A niche blog dedicated to the issues that arise when supplementary protection certificates (SPCs) extend patents beyond their normal life -- and to the respective positions of patent owners, investors, competitors and consumers. The blog also addresses wider issues that may be of interest or use to those involved in the extension of patent rights. You can email The SPC Blog here

Tuesday 21 January 2014

Austrian Forsgren reference heads for CJEU

The following has been received from our reader Alexander Robinson (Dehns): 
In the ongoing saga of referrals to the CJEU on matters SPC-related, the UKIPO has just (last Friday) sent out a notification regarding yet another set of questions which have been referred as Case C-631/13 "FORSGREN" [I'm surprised not have received the notification myself and hope I've not been struck off the IPO mailing list for conduct unbecoming ...].  The deadline for submitting comments at the UKIPO is 24 January 2014
At issue appears to be the question of whether an SPC is available for a substance which is protected by a basic patent but which is not per se the authorised medicinal product, instead being covalently bound to other actives. 
According to the IPO website the case concerns:
"A request for a preliminary ruling concerning an application for a patent protection certificate [surely they mean Supplementary Protection Certificate...] with respect to a substance (Protein D) which is present in an authorised medicinal product.
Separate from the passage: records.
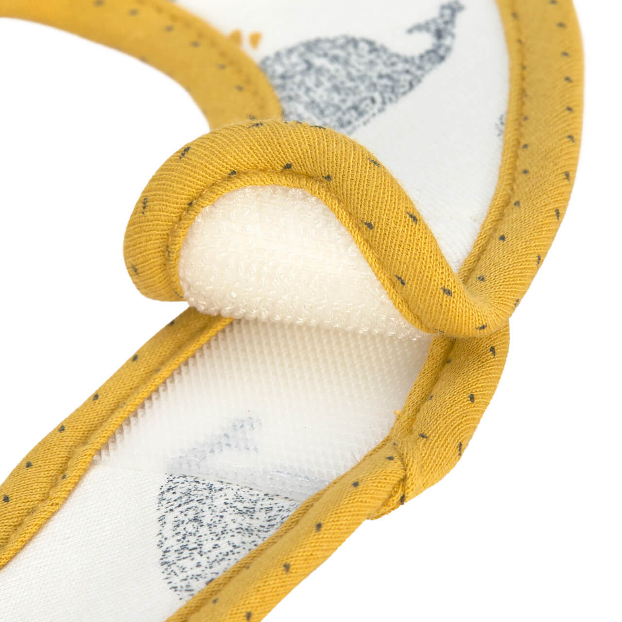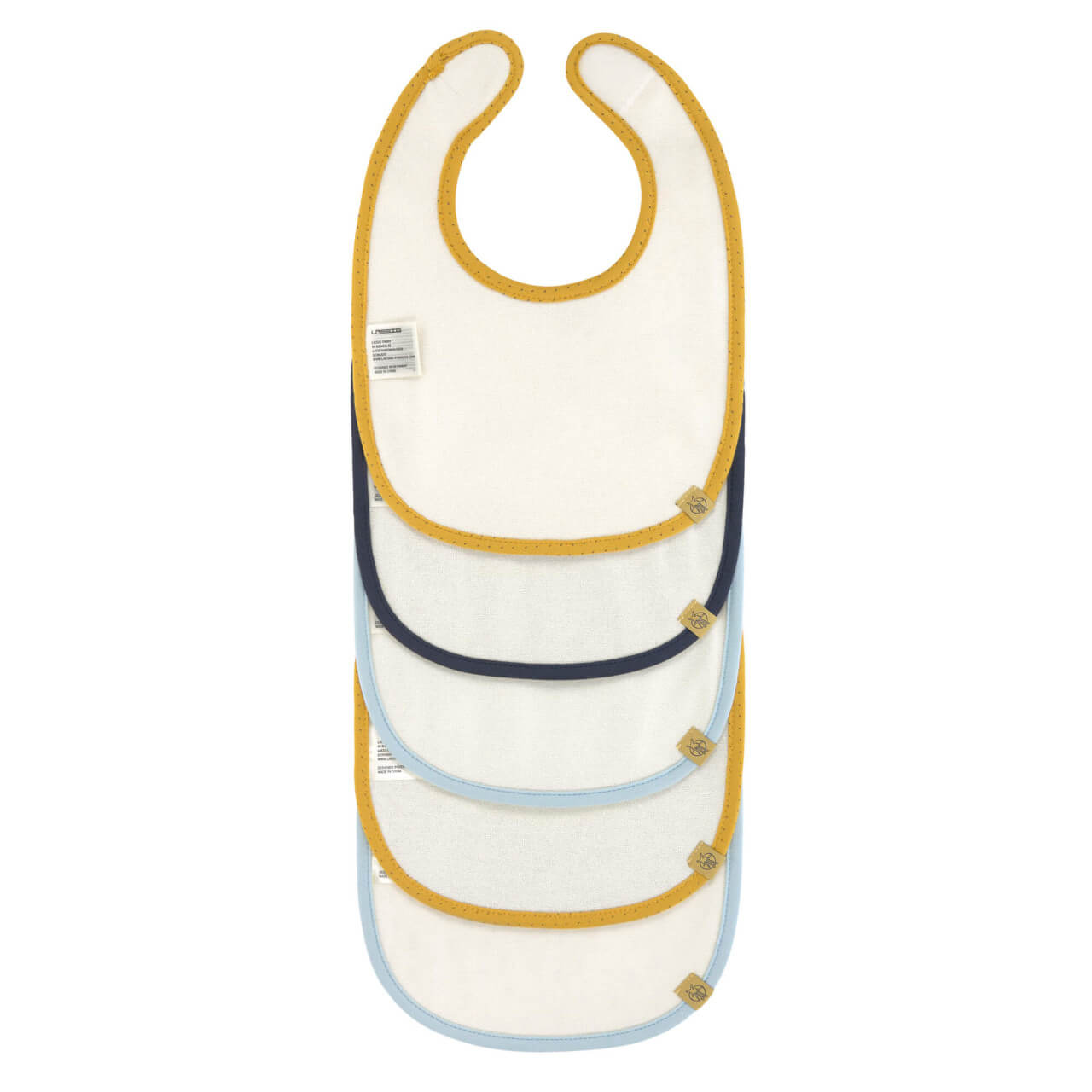 Śliniaki mają wysoki udział bawełny organicznej, dzięki czemu są łatwe w praniu i delikatne dla skóry. Wodoodporna powłoka od wewnątrz zapewnia, że koszulki i bluzki pozostają suche. Praktyczne zapięcie na rzep ułatwia zakładanie i zdejmowanie śliniaczków.
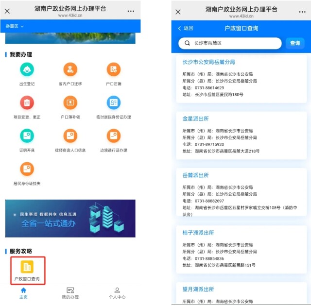 四、申请人在户口业务办理过程中,如需咨询相关业务,可在工作日(9:00—12:00,13:00—17:00)致电 0731-96305,或在湖南户政业务网上办理平台下方服务攻略中点击“户政窗口查询”,查找户籍地派出所电话进行咨询。
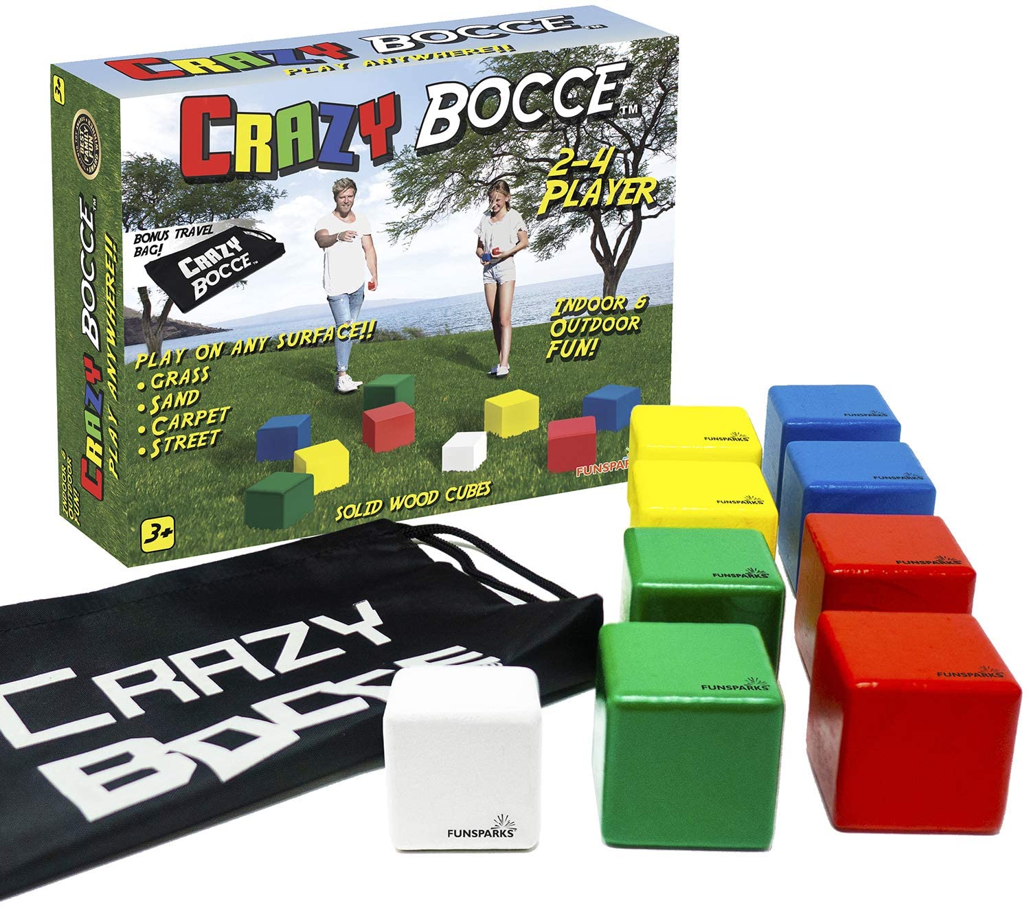 - Crazy Bocce is made with solid durable wood that is crack and damage resistant for long lasting fun

Protein D is covalently bound to some pneumococcal polysaccharides in medicinal product Synflorix, which is authorized as a pneumococcal vaccine. Protein D is acting as a carrier in Synflorix but is an active ingredient in vaccines against Haemophilus influenza bacteria. The question arises whether an SPC for protein D may be granted based on the authorisation for Synflorix which does not specify the therapeutic effect of protein D but refers to it as a carrier protein."
Protein D is covalently bound to some pneumococcal polysaccharides in medicinal product Synflorix, which is authorized as a pneumococcal vaccine. Protein D is acting as a carrier in Synflorix but is an active ingredient in vaccines against Haemophilus influenza bacteria. The question arises whether an SPC for protein D may be granted based on the authorisation for Synflorix which does not specify the therapeutic effect of protein D but refers to it as a carrier protein."
The questions referred are as follows:
1. Under Article 1(b) and Article 3(a) and (b) of Regulation (EC) No 469/2009 of the European Parliament and of the Council of 6 May 2009 concerning the supplementary protection certificate for medicinal product, provided that the other conditions are met, may a protection certificate be granted for an active ingredient protected by a basic patent (in this case, Protein D) where that active ingredient is contained in the medicinal product (in this case, Synflorix) as part of a covalent (molecular) bond with other active ingredients but none the less retains its own effect? 
2. If Question 1 is answered in the affirmative: 
2.1. Under Article 3(a) and (b) of Regulation (EC) No 469/2009, may a protection certificate be granted for the substance protected by the basic patent (in this case, Protein D) where that substance has a therapeutic effect of its own (in this case, as a vaccine against Haemophilus influenzae bacteria) but the authorisation of the medicinal product does not relate to that effect? 
2.2. Under Article 3(a) and (b) of Regulation (EC) No 469/2009, may a protection certificate be granted for the substance protected by the basic patent (in this case, Protein D) where the authorisation describes that substance as a 'carrier' for the actual active ingredients (in this case, Pneumococcal polysaccharides), the carrier, as an adjuvant, enhances the effect of those substances, but that effect is not expressly mentioned in the authorisation of the medicinal product?

Thanks so much, Alexander, for letting us know. The referring court, incidentally, is the Oberster Patent- und Markensenat - Austria.